Aderire alla tesi dell’amministrazione attiva piuttosto che a quella dell’autotutela non è una distinzione puramente scolastica, implicando un diverso atteggiamento nella valutazione dell’interesse pubblico all’emanazione dell’atto.

Se lo si considera un’esternazione canonica dell’autotutela, il ripensamento dell’amministrazione esprimerà un nuovo ed autonomo potere, potendosi quindi prescindere dalla riconsiderazione dell’originario interesse, cristallizzato nell’originario provvedimento.

Verranno allora in esame, se necessario, tutti i rilevanti interessi pubblici, anche se sopravvenuti e distinti da quelli considerati nella norma attributiva del potere originario.

Avrà inoltre un peso considerevole l’esame dell’affidamento nutrito dalla controparte privata della pubblica amministrazione nella persistenza dell’atto che si intende rimuovere.

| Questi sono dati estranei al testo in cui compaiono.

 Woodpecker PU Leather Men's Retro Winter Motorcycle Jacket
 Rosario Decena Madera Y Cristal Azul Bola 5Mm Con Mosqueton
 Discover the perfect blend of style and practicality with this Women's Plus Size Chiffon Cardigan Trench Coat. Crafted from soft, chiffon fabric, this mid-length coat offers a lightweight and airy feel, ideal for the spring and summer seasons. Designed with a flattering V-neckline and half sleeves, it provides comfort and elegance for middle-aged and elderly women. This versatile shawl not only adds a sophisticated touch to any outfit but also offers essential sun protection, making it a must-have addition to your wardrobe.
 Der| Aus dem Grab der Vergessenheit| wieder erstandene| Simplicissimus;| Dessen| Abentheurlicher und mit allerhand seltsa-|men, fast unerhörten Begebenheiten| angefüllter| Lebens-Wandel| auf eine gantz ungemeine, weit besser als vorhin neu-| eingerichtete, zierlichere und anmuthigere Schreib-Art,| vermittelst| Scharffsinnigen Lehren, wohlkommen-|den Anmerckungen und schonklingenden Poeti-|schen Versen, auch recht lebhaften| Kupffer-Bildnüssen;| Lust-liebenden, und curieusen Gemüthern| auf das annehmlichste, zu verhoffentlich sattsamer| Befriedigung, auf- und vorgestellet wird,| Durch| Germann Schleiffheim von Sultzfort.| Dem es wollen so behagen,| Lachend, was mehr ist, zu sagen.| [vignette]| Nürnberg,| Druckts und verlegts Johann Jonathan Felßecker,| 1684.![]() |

Secondo il distinto orientamento, l’amministrazione dovrà riesaminare il medesimo interesse fondante la norma attributiva del potere, non anche interessi pubblici diversi ed estrinseci, e il maturare dell’affidamento non precluderà il riesame, strettamente ancorato alla valutazione dell’interesse originario.

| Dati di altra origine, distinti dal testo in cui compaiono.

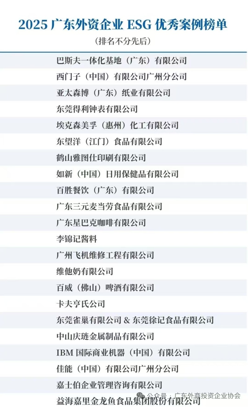 近日,如新(中国)凭借在可持续发展与企业社会责任领域的突出表现,荣登广东外商投资企业协会发布的“2025广东外资企业ESG优秀案例榜单”。该榜单旨在展示外资企业在中国,特别是在粤港澳大湾区的环境、社会及治理(ESG)实践成果,评选基于企业在绿色制造、低碳创新、员工福祉、供应链管理、公益慈善以及社会责任与治理体系等方面的自主申报内容,依据国际ESG评价体系并结合中国本地化标准进行系统评估与综合评分后产生。与如新一同入选的还有巴斯夫、西门子、百胜餐饮、星巴克等共22家知名企业。
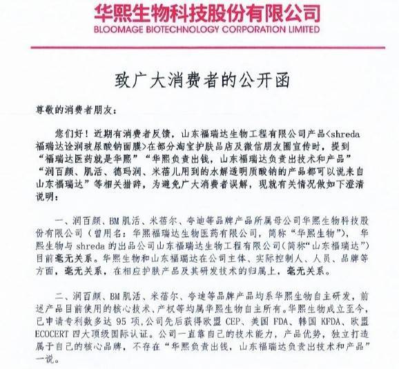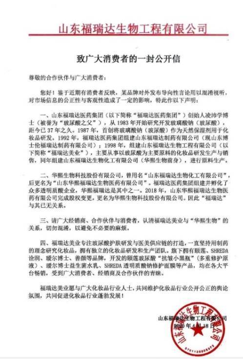 2020年4月17号,华熙生物也发布了一条《致广大消费者的公开函》。相对于福瑞达的不点名,华熙生物则更加直接,公开声讨山东福瑞达生物工程有限公司部分网商借“华熙”宣传,误导消费者。
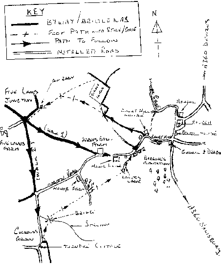 At Five Lanes Junction take the second opening on your left (PP No.109)-Note that the third opening is a private road to Five Lanes Farm. After about 700 yards this byway has its junction with Joiners Lane (PP No.113) and Worton Road at West End, turn right and follow the Worton Road to Cuckold's Green, just before reaching Turnpike Cottage (on your left) a farm track (PP No.53) runs off to the left, here at its junction with the Worton Road a finger post points your direction along the field path (PP No.60).
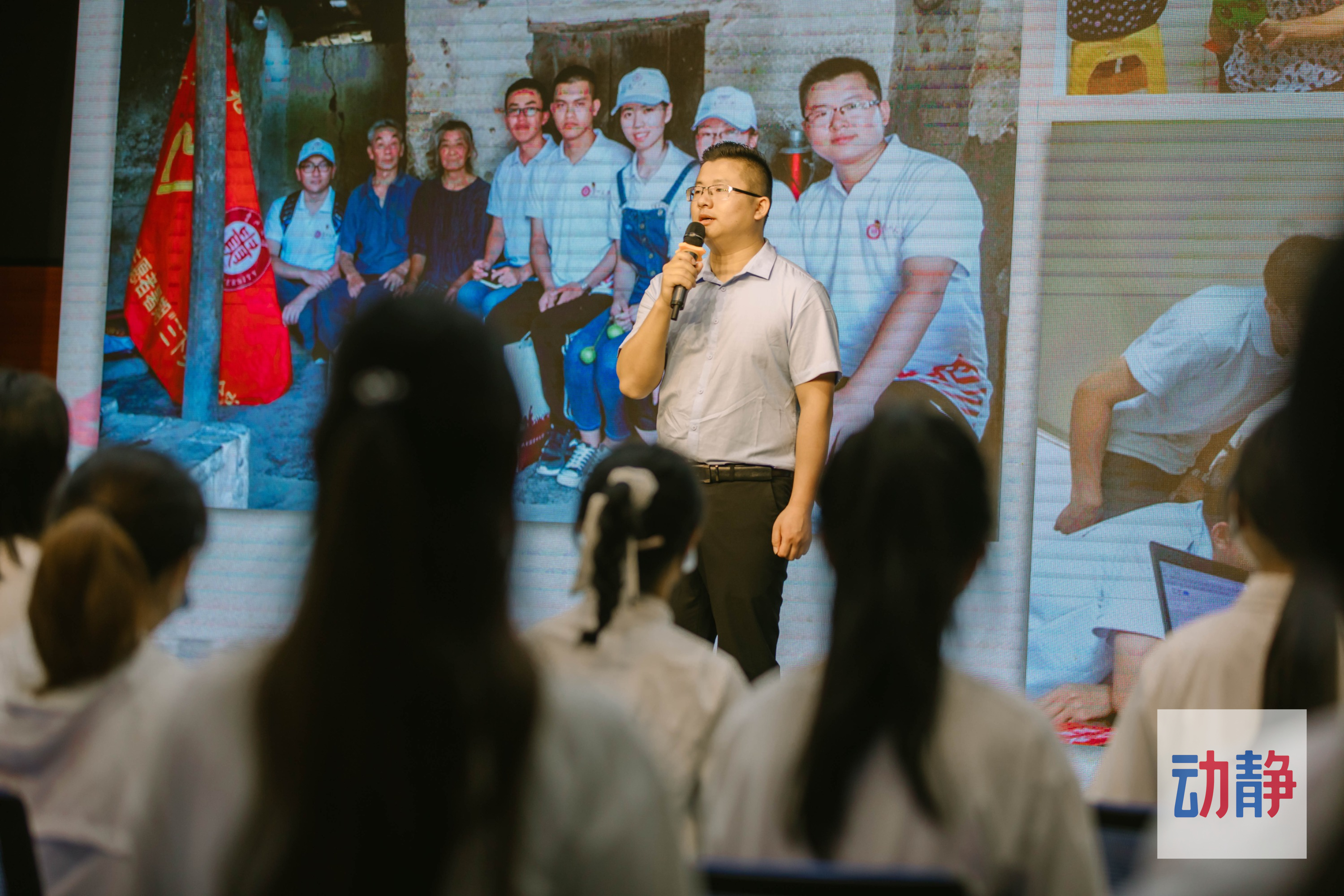 第二个是关于宣讲的故事。2019年8月,我带队到黎平县各村寨和社区开展政策宣讲等活动。第一场宣讲原本安排在晚上7点,因为突然停电,打破了计划。晚上9点过来电,大家兴奋不已,就动员在乘凉的村民们集中起来进行宣讲,结束时已经深夜了,没有一个中途离开的村民,是同学们的热情感染了大家。宣讲成功之后,小伙伴们不断总结经验,反复修改讲稿,常常加班到深夜,还熬夜编排文艺节目。后来宣讲效果一次比一次好。小伙伴们认识到,只要敢于吃苦,勇于探索,就会不断进步。
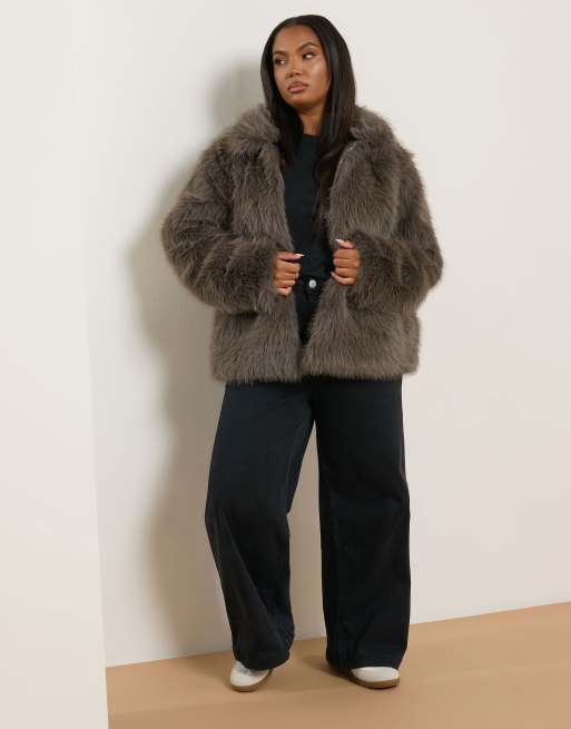 Yours Clothing Faux fur jacket in brown

Ai fini della presente ricerca, interessano i caratteri tanto della revoca quanto dell’annullamento d’ufficio.

In effetti, se la prima postula un ripensamento della pubblica amministrazione in vista della rivalutazione dell'interesse pubblico sotteso all’atto “incriminato”, anche a seguito di sopravvenienze che impongano di rivisitare l'interesse pubblico originario, il secondo poggia su un’illegittimità di tipo originario, pur se sorretto da un interesse pubblico attuale e concreto, ossia ulteriore rispetto al mero ripristino della legalità violata dall'atto viziato.

In dottrina si pone l’accento sulla riferibilità al rapporto e non all'atto quale elemento peculiare della revoca rispetto all’annullamento, che a differenza della prima interviene a fronte di un vizio originario dell'atto (224).

Come ulteriore tratto distintivo, la giurisprudenza richiede ai fini della legittimità della revoca che sussista un interesse pubblico attuale alla rimozione degli effetti del provvedimento originario.

Nel caso dell’annullamento d’ufficio, l’amministratore è tenuto ad un più delicato bilanciamento degli interessi coinvolti, incluso quello all’eliminazione del vizio ed all’eventuale conservazione degli effetti prodotti, oppure alla modifica degli effetti del provvedimento stesso.

224

Questa distinzione vale ad inquadrare nell’una figura piuttosto che nell’altra le particolari ipotesi di invalidità sopravvenuta dell’atto amministrativo, a seguito di jus superveniens con cui il medesimo risulti confliggente.

Quest’opera di mediazione rispetto all’esigenza di non incidere su posizioni consolidate e definitive, non a caso, potrebbe sfociare nella decisione di conservare l’atto, ancorché illegittimo: in sostanza, la validità del ritiro dipende dal corretto perseguimento dell’interesse a cui risponde la causa del potere conferito, quindi la mera illegittimità o inopportunità del provvedimento di primo grado, per comune ammissione di dottrina e giurisprudenza, non bastano a giustificarne il ritiro, dovendo sussistere un distinto interesse alla eliminazione dei suoi effetti (225).

Ne consegue la qualificazione dell’annullamento d’ufficio in termini di discrezionalità, che in questa sede rispecchia le sue più “classiche” definizioni, volte a dipingerla come ponderazione fra più interessi ed esigenze configgenti, onde giungere alla soluzione più opportuna e ragionevole per il caso concreto, anche nelle ipotesi in cui il riesame si attivi su istanza del privato (226). La connotazione pubblicistica del riesercizio del potere appare dunque indefettibile (227): non è del resto configurabile un interesse legittimo in capo al privato, se non in caso di attivazione spontanea da parte dell’amministrazione, così come non appare ipotizzabile un’ipotesi di silenzio – rifiuto nel caso d’inerzia verso l’istanza dell’interessato.